L'occupation de Bizerte produisit à Tunis et dans toute la région du nord-est une très vive émotion. Personne ne s'y attendait. L'expédition avait été conduite avec beaucoup d'habileté et de discrétion.
En quittant Toulon les commandants des premiers navires de débarquement ignoraient vers quel point ils devaient se diriger. Les lettres de destination cachetées ne furent ouvertes, qu'à bord et les équipages croyaient se rendre à Bône et à la Calle. Après avoir quitté Tabarka l'escadre rencontrait en mer l'aviso "le Cassard" qui avait été la veille à Bizerte prendre auprès du vice-consul de France des renseignements sur l'état d'esprit des populations.

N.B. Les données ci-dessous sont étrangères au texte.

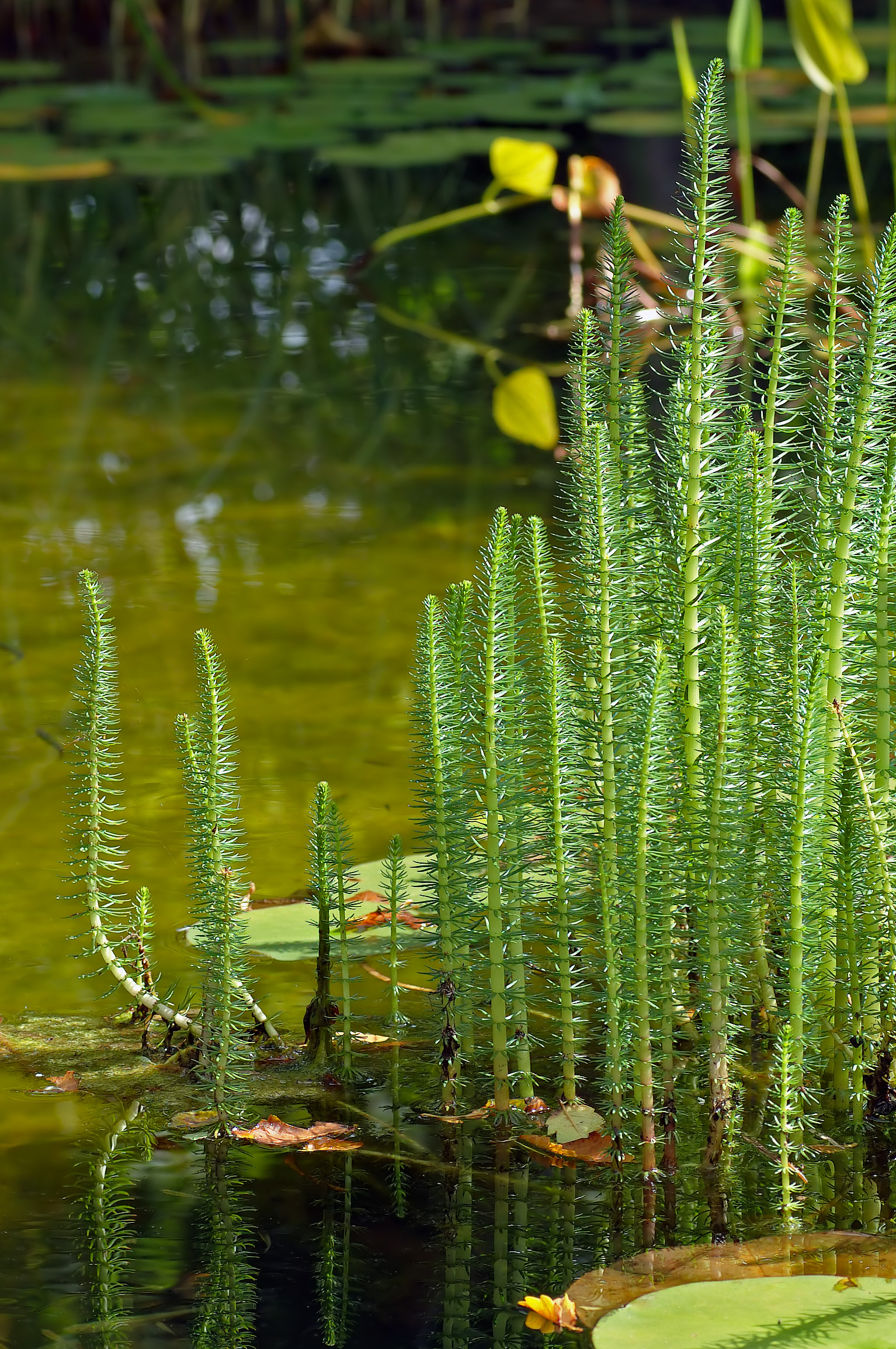 This image shows a Common Mare's-tail (Hippuris vulgaris).
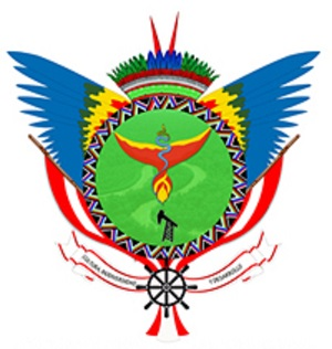 The shield was made through a public call and was institutionalized through the municipal council.
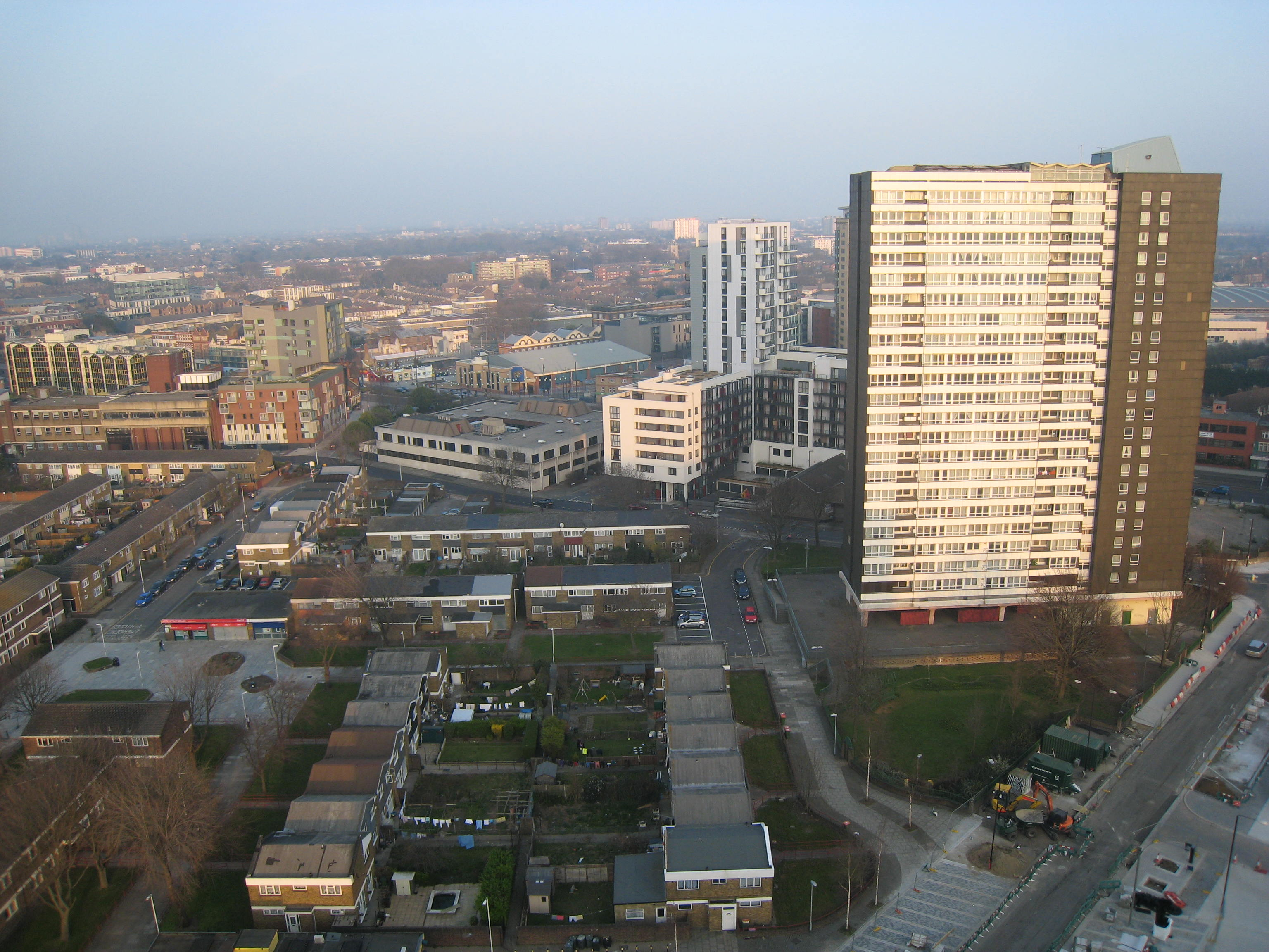 Carpenters Estate March 2012

Le premier sentiment de l'entourage du bey, en apprenant l'occupation de Bizerte, fut d'appeler à la guerre sainte. C'était l'avis personnel du premier ministre, et c'était aussi celui de la population arabe. Mais les conseils de la réflexion prévalurent, et le lendemain le bey se borna à adresser à notre chargé d'affaires la nouvelle protestation suivante dont il envoya copie aux consuls étrangers :

« Nous avons déjà protesté contre l'entrée des troupes françaises sur le territoire de la Régence du côté des Kroumirs et notamment du côté du Kef, contrairement à notre volonté. Depuis, les troupes françaises ont occupé le Kef, une des forteresses de notre Régence. Cette occupation s'étant effectuée en violation de tous les principes du droit des gens, il est de notre devoir de réitérer pour ce fait nos protestations les plus formelles contre votre gouvernement.
D'autre part, le gouverneur de Bizerte nous a informé que hier des navires de guerre français se sont présentés devant Bizerte et ont demandé à occuper la ville et les forts menaçant de s'en emparer par force.
Comme nous sommes en état de paix avec le gouvernement de la République française, nous avions prescrit à qui de droit d'éviter tout conflit entre nos soldats et ceux de l'armée française. Par suite de ces instructions le gouverneur de Bizerte n'a pu repousser cet acte par la force, et les soldats français ont occupé Bizerte et ont arboré le drapeau français sur les forts. Cette occupation, quand nous sommes en état de paix avec votre gouvernement, est un fait insolite et contraire à toutes les règles du droit et à tous les principes.
Par conséquent, nous protestons de la manière la plus solennelle contre l'occupation présente. Cette protestation doit être considérée comme faisant suite aux précédentes, comme se joignant à elles pour toutes fins que de droit.
Nous ne pouvons pas, pourtant, ne pas exprimer le regret de nous voir traités de la sorte par un gouvernement ami que nous avons toujours traité avec tous les égards et avec lequel nous nous sommes toujours efforcé de conserver les meilleurs rapports.
MOHAMED ES-SADOC.
Le 2 mai.

1 commentaire:

Anonyme a dit…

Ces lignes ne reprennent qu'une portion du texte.